Does your garden get enough full sun to grow heat-loving crops such as peppers, tomatoes and squash? Or perhaps your garden has some full-sun sections but also areas that get only a few hours of direct sun every day. Crops that will still produce with 3-6 hours of sun per day include lettuce, spinach, broccoli, cauliflower, beets, Brussels sprouts, radishes and Swiss chard.

Now, think about how much time you have to devote to the garden. Some crops require more maintenance than others. For example, carrots require little more than sowing, thinning, watering and weeding, while potatoes require planting, periodic hilling, watering, weeding and protection from Colorado potato beetles, a chore that in the organic garden involves covering the crop with a floating row cover to exclude the beetle. Other crops, such as tomatoes, require staking, pruning or both. Again, experienced gardeners can help you identify the high-maintenance crops.

In general, as a beginning gardener, grow crops that do not require a lot of tricks for success. Then, as you become more experienced and confident, take on more challenging crops.

Finally, consider the size of your garden. I often sit in front of the wood stove on many snowy January evenings and browse the seed catalogs that come in the mail that time of year, wanting to grow ten times as many vegetable crops as I have the garden space to plant. But I have learned that a little of this and a little of that cannot compete with the need for daily handfuls of pineapple tomatillos or pounds of potatoes to last the winter. If space is limited, avoid growing crops such as corn, melons or winter squash (including pumpkins), the low-value crops with relatively sparse yields per square foot of garden space. Consider buying these vegetables from a local farmer, saving your garden space for the high-value crops on your family’s wish list.

Variety Selection

After the decision of which crops to grow comes the more daunting task of choosing the correct variety of each crop. Of the two-dozen summer squash varieties listed in the seed catalog, which should you grow?

Begin the variety selection process by deciding whether you will be growing only for fresh consumption or will want surplus harvest for storing, freezing or canning. If the latter, you may want to grow two varieties of a crop, one for eating fresh, the other for preserving.

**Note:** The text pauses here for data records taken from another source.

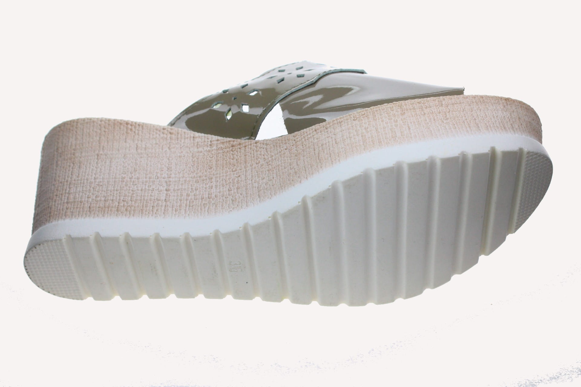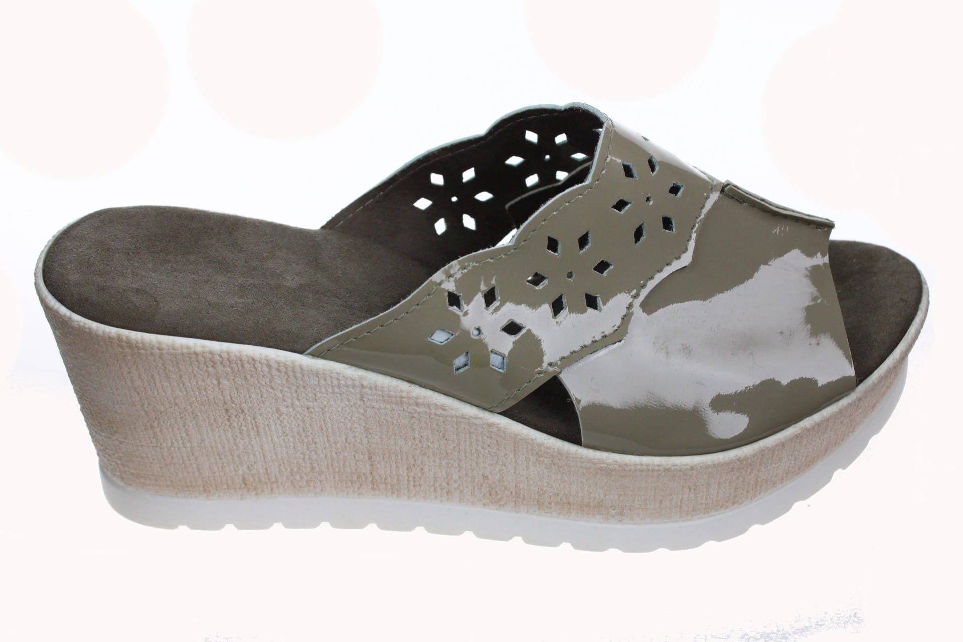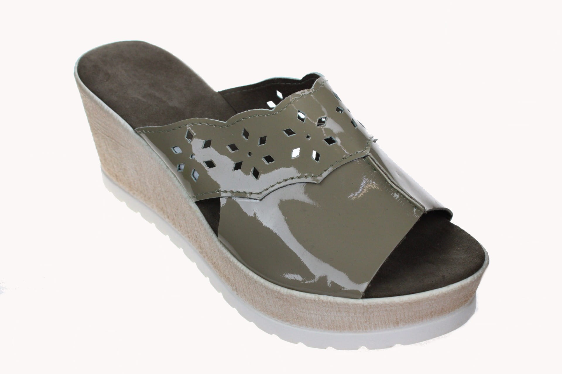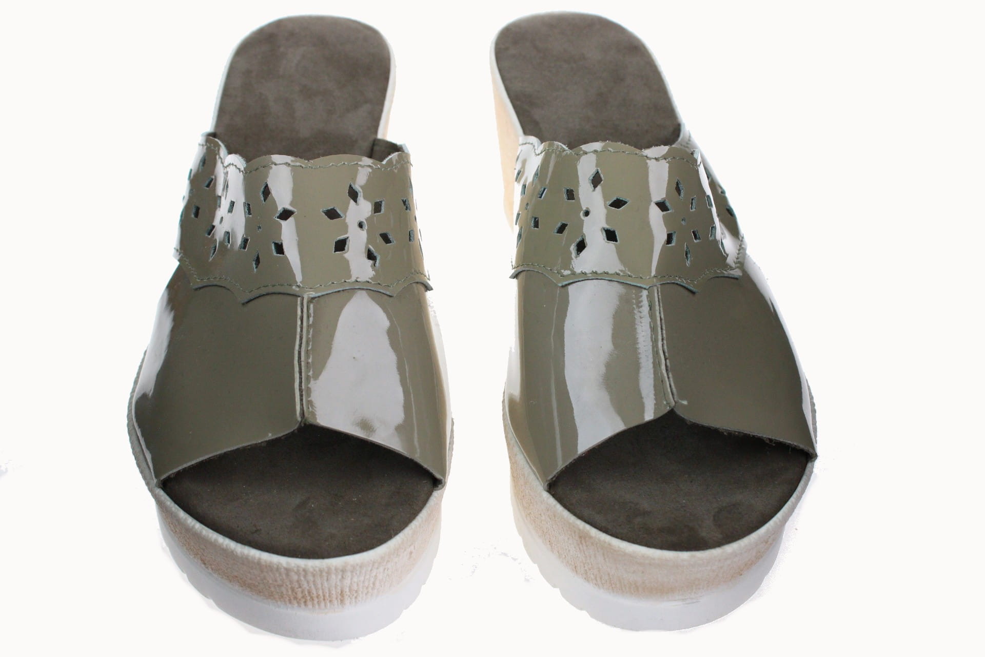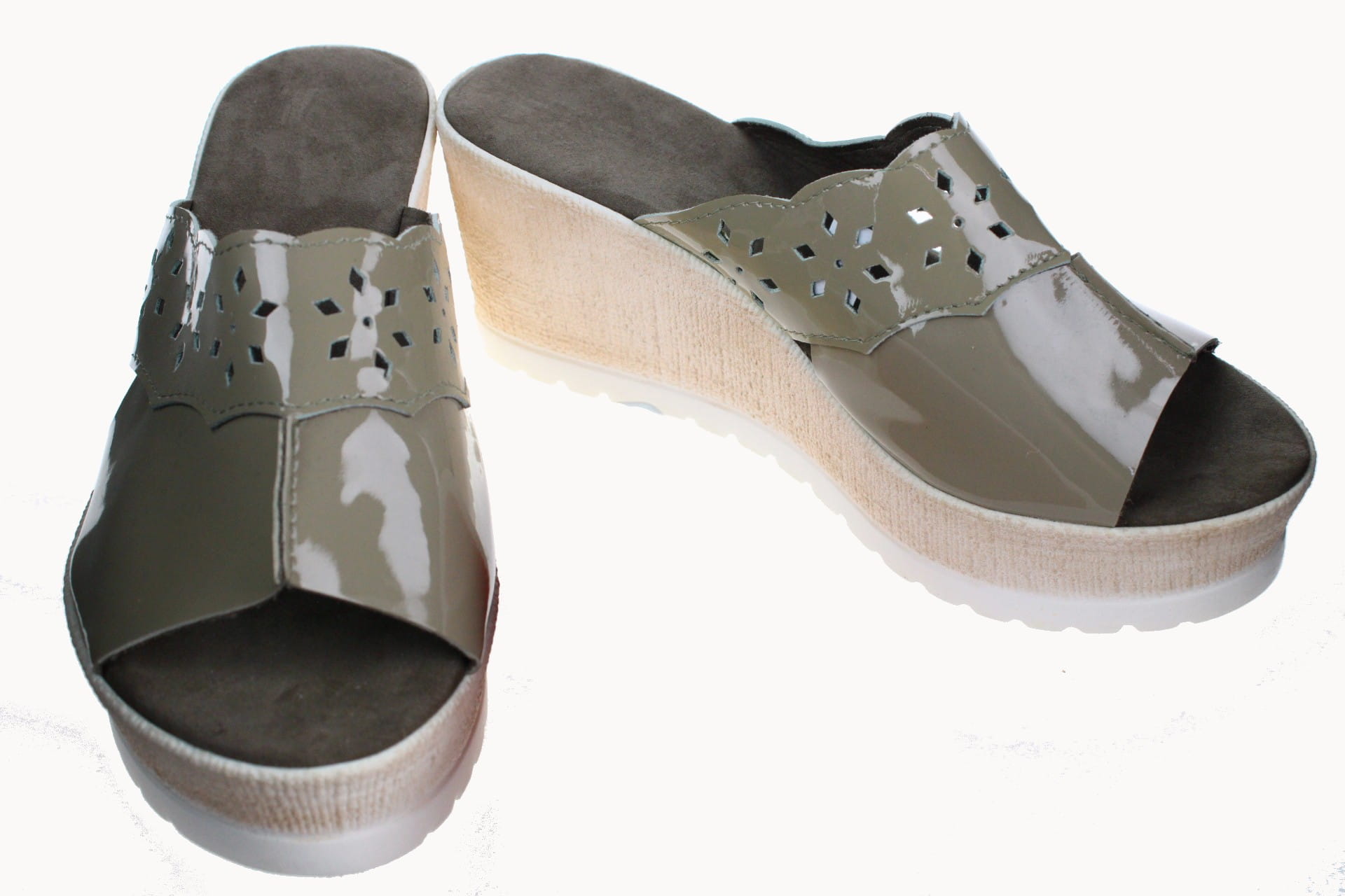 892-A. Obuwie damskie na koturnie wysokie lakierowane oliwka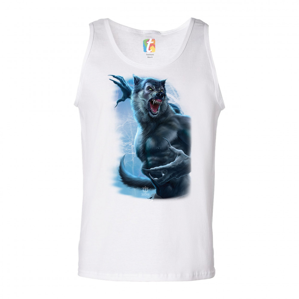 ROARING WEREWOLF tank top halloween horror scary gothic monster men's top white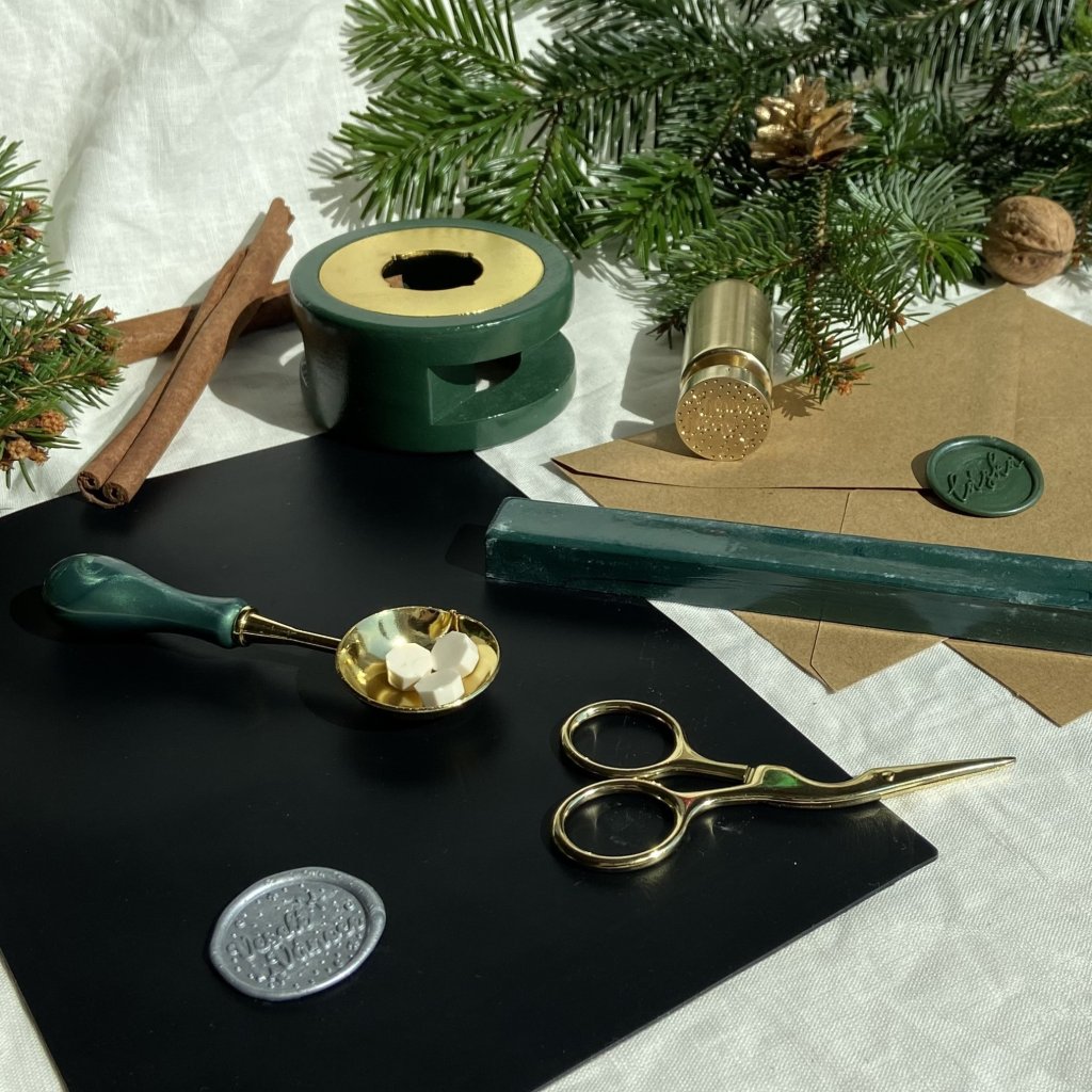 Stojánek na pečetní lžíci, bankovní vosk, obálku s přáním, velkou silikonovou podložku, a velkou pečetní lžíci. K tomu navíc nádherné zlaté nůžky! Ušetřete díky těmto limitovaným sadám.
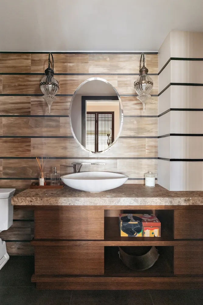 The very private and serene primary suite features a luxuriously-sized bedroom with an additional windowed space suitable for sitting room or home office, a spa-inspired primary bath, with double vanity, stone finishes and a Toto toilet, custom-fitted walk-in closet and two additional closets. Two additional king-size bedrooms comprising the northern wing of the home each feature renovated en-suite bathrooms and generous closet space.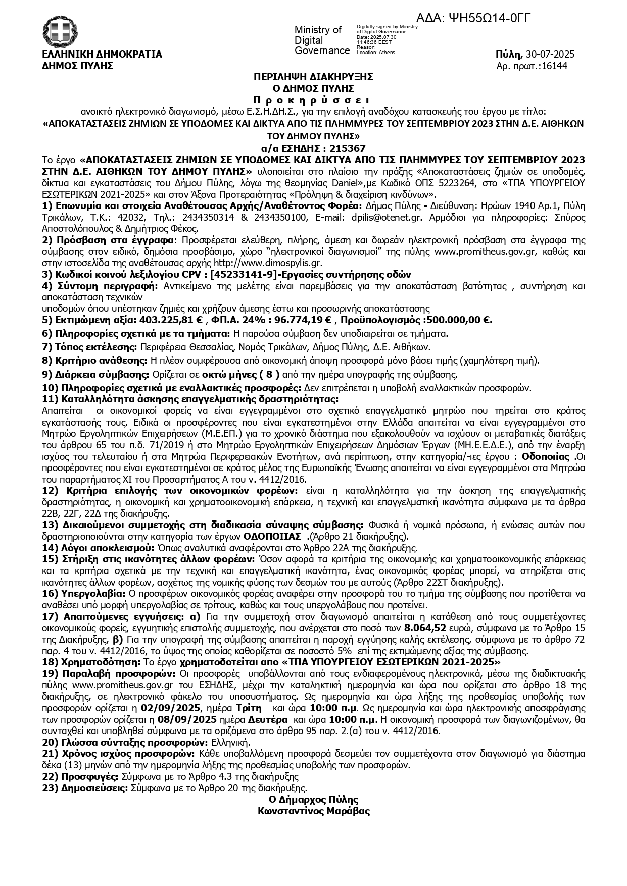 Περίληψη διακήρυξης για το έργο με τίτλο “Αποκαταστάσεις ζημιών σε υποδομές και δίκτυα από τις πλημμύρες του Σεπτεμβρίου 2023 στην Δ.Ε. Αιθήκων του Δήμου Πύλης”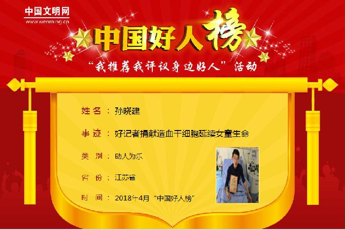 4月28日上午,在天津市和平区举行的2018年4月份中国好人榜发布仪式传来喜讯:连云港市灌云县“好记者”孙晓建(捐献造血干细胞延续女童生命)荣登助人为乐“中国好人榜”。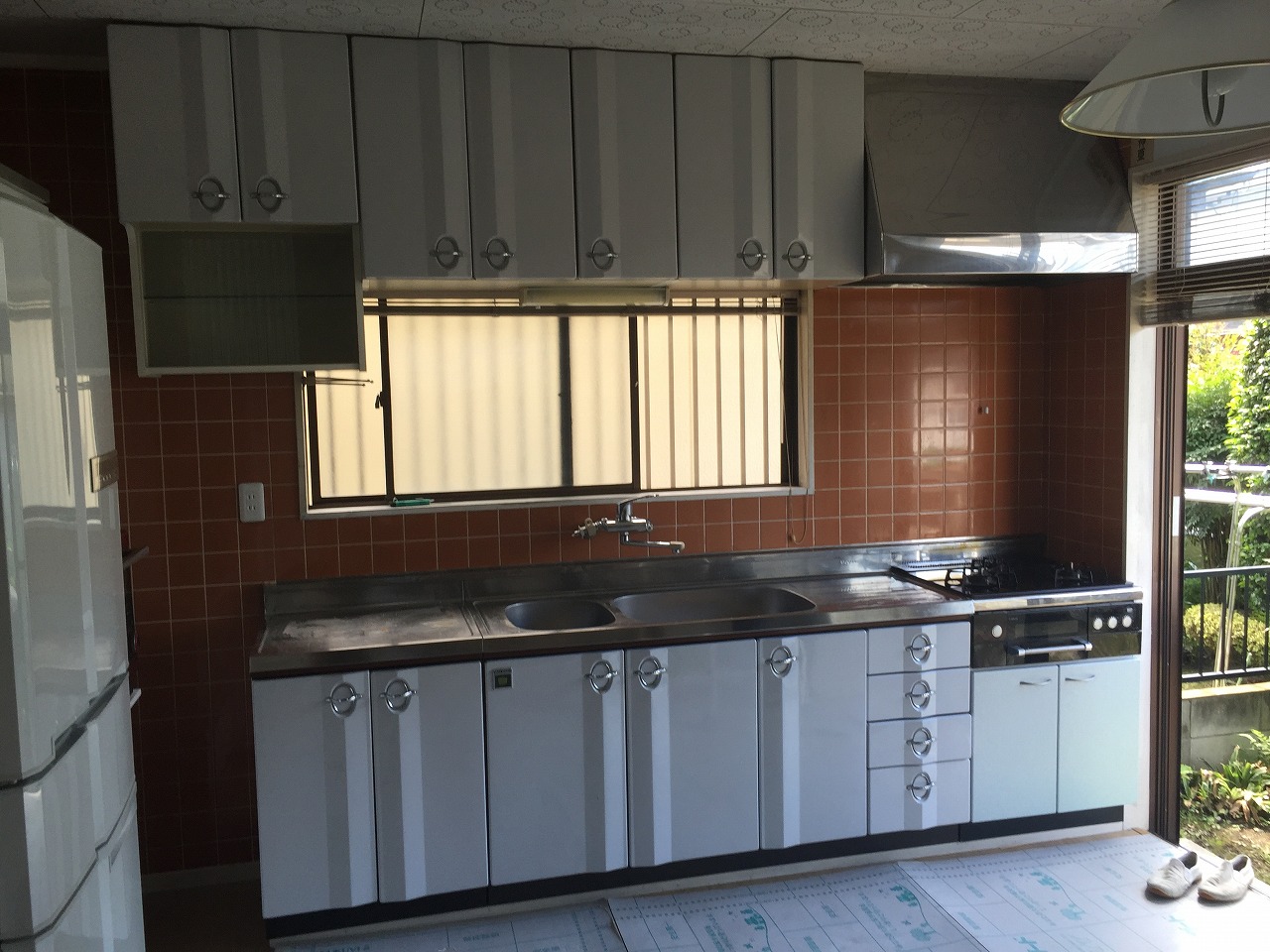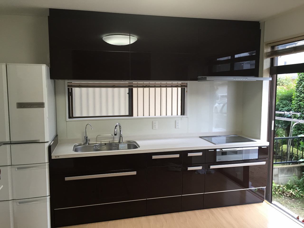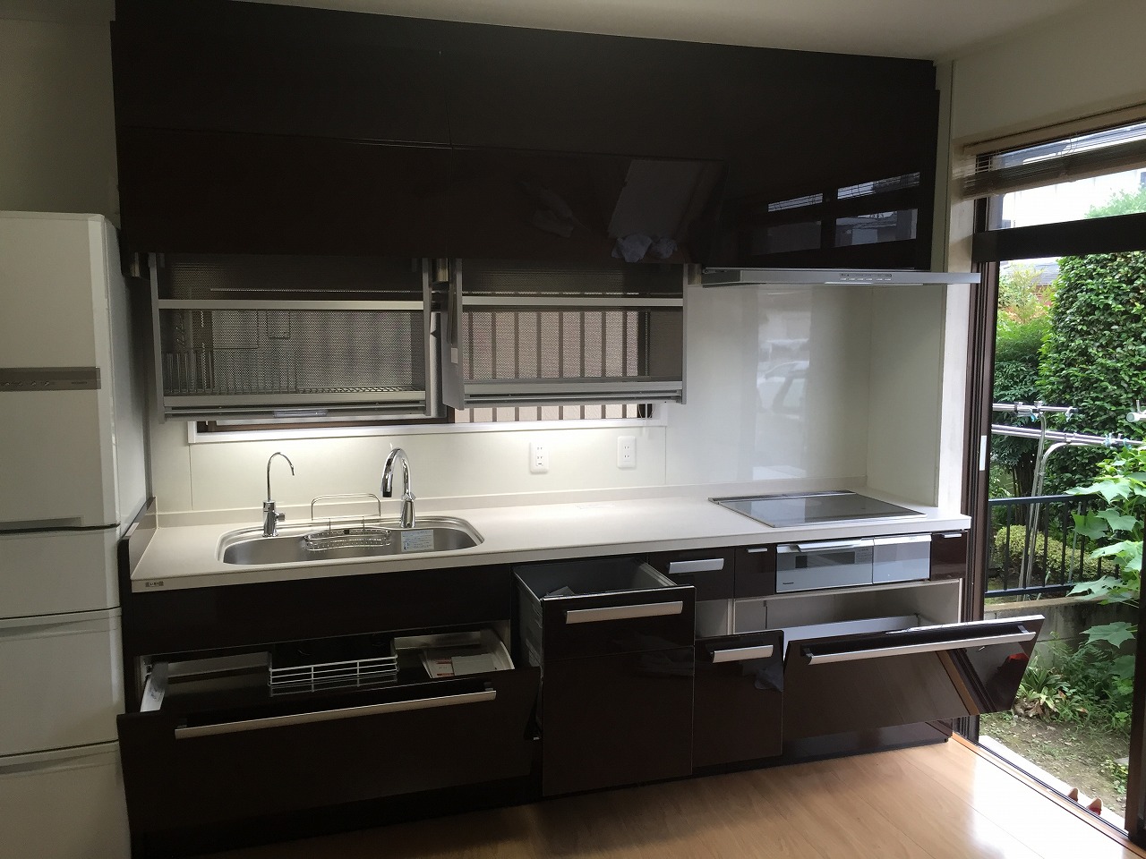 LIXILシステムキッチン リシェルSI I型2700を設置しました。オートダウンウォールの水切棚タイプもシンク上に設置。洗った食器類をそのまま収納できちゃいます。まな板、ふきん掛けも付いていて便利。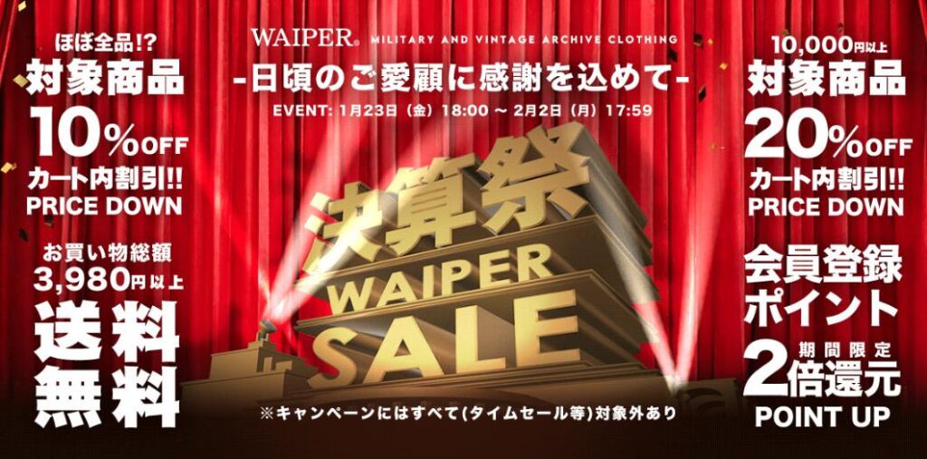本格派ミリタリーセレクトショップ【WAIPER/ワイパー】は、数ある軍物アイテムの中でも他店には無い独自の視点で選び抜かれた商品揃え。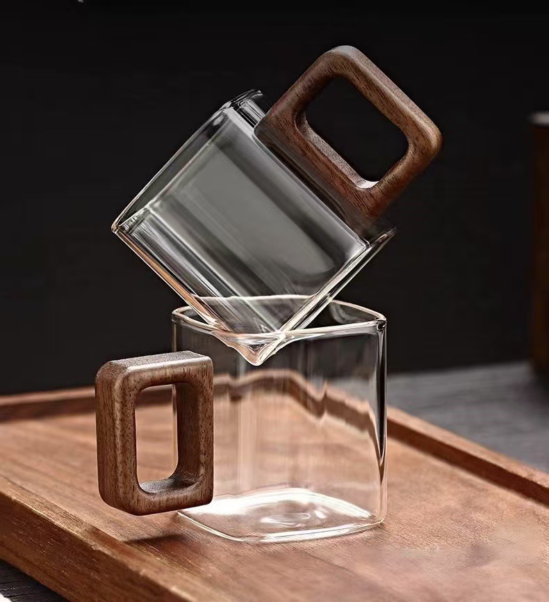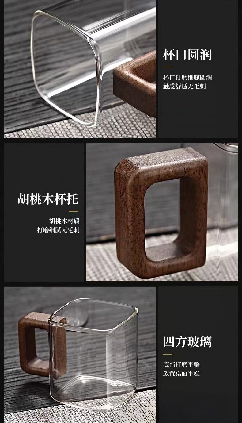 도매 고풍 유리 찻잔 공푸차 세트 사각형 일본식 휴대용 가정용품 티컵 투명 물컵스토어 가기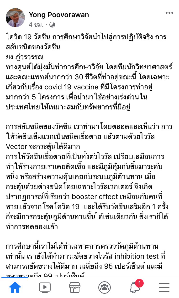 ศ.นพ.ยง ภู่วรวรรณ หัวหน้าศูนย์เชี่ยวชาญเฉพาะทางด้านไวรัสวิทยาคลินิก ภาควิชากุมารเวชศาสตร์ คณะแพทยศาสตร์ จุฬาลงกรณ์มหาวิทยาลัย โพสต์เฟซบุ๊ก เรื่อง โควิด-19 วัคซีน การศึกษาวิจัยนำไปสู่การปฏิบัติจริง การสลับชนิดของวัคซีนว่า ทางศูนย์ฯ ได้มุ่งมั่นทำการศึกษาวิจัย โดยทีมนักวิทยาศาสตร์และคณะแพทย์มากกว่า 30 ชีวิตที่ทำอยู่ขณะนี้ โดยเฉพาะเกี่ยวกับเรื่อง covid 19 vaccine ที่มีโครงการทำอยู่มากกว่า 5 โครงการ เพื่อนำมาใช้อย่างเร่งด่วนในประเทศไทยให้เหมาะสมกับทรัพยากรที่มีอยู่

Tomatoes serve as an example. There are paste varieties for making and preserving tomato sauces and scores of varieties for fresh eating. Similarly, when it comes to storing onions, braided together and hung in a corner of the kitchen, we have always considered Copra to be one of the best varieties.

Next, study the different growth habits found in different varieties of each crop. In gardens with limited space, pole beans that make use of vertical space make more sense than bush beans that tie up a lot of ground. And the compact-growing form of Delicata winter squash takes up far less room than the vining form of the same variety, although you get more squash fruits with the vining form.

Your garden’s soil texture may influence variety selection of root crops such as carrots. For compact soils, tapered carrot varieties such as the Chantenays or Danvers types grow best, wedging their way through the soil. In loose sandy loam or silty soils, most types will grow well.

Disease resistance can be a deciding factor in variety selection and many catalogs will identify varieties that have been selected for resistance to certain diseases. For example, beans are susceptible to root rot fungi, mildew fungi and several viruses, all of which can be avoided to some extent by cultural measures such as never handling or harvesting when the foliage is wet and planting with space between plants to allow air to circulate and carry fungal spores away from the foliage. Still, you can opt to grow a disease-resistant variety, one that meets all of the other selection criteria.

So, round up those new seed catalogs, turn off the boob tube and get the entire family involved in making these decisions. Then get those seed orders in the mail.